Rep. Lamar Smith (R) of Texas, chairman of the House Science, Space, and Technology Committee, to which the subcommittee on the environment answers, butted heads yet again with NOAA Administrator Kathryn Sullivan, questioning the administration’s climate change research.
The Smith vs. Sullivan feud goes back to last June, when NOAA scientists published a study arguing that a "pause" in global warming never existed. Representative Smith, who disputes the conclusions of almost all of the published, peer-reviewed research that examines humans' role in global warming and who has received over $600,000 in donations from the fossil fuel industry, insisted that the authors fudged the data and subpoenaed NOAA, demanding that all internal communication between the study’s authors be turned over to his committee for examination. Sullivan has since refused, citing the importance of scientific autonomy.
Smith devoted almost his entire 729-word opening statement what he called NOAA’s biased climate change agenda. NOAA's budget request included $190 million for climate change research: a little more than three percent of the administration’s overall proposed budget.
“Instead of hyping a climate change agenda, NOAA should focus its efforts on producing sound science and improving methods of data collection,” said Smith. “NOAA should prioritize areas of research that significantly impact Americans today, such as ways to improve weather forecasting. Unfortunately, climate alarmism often takes priority at NOAA.”
Dr. Sullivan responded that her administration works to protect the US from more than just hail storms.
“NOAA forecasts help communities prepare and respond to weather events, including the severe storms that swept through Texas last year, tornado events across the mid-west and Florida, and the recent winter storm that struck the Northeast,” writes Dr. Sullivan in her statement. “But the greater demand for our services goes beyond just extreme weather.”
Besides Chairman Smith, the committee’s 21 other Republican members and 17 Democratic members stayed mum on NOAA’s relationship with climate research at the sparsely attended budget meeting.

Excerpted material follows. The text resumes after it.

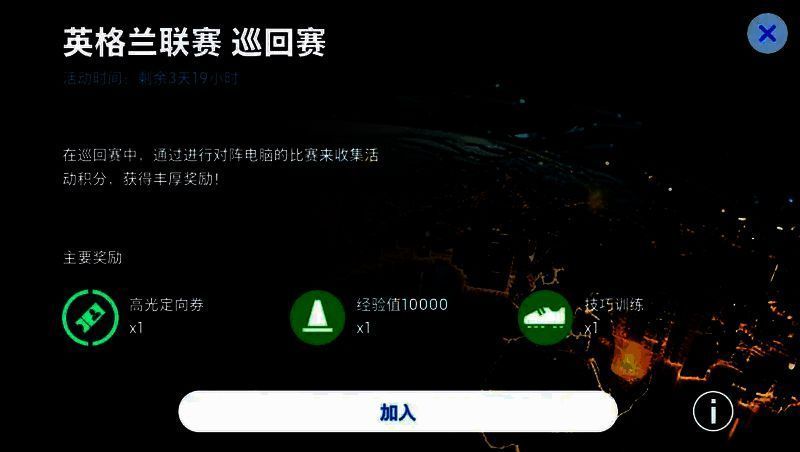 参与【英格兰联赛 巡回赛】活动,你将迎战联赛中的各支球队,通过完成比赛可以积累一定数量的巡回赛积分,达到一定的积分,可以获得【高光定向券】和【金币】等奖励。

Except for Rep. Eddie Bernice Johnson (D) of Texas, the committee’s ranking member, who backed up Sullivan.
“It is clear to me that this investigation is unfounded, and it is being driven by ideology and other agendas,” says Johnson. “The majority has asserted, without offering any credible evidence, that NOAA and the climate science community at large are part of some grand conspiracy to falsify data in support of the significant role humans play in climate change. However, the overwhelming body of scientific evidence across many different fields has shown that this is not the case.”
[Editor's note: The original version of this story has been updated, following objections from Rep. Smith about how the Monitor characterized his views on anthropogenic climate change and the committee hearing itself.]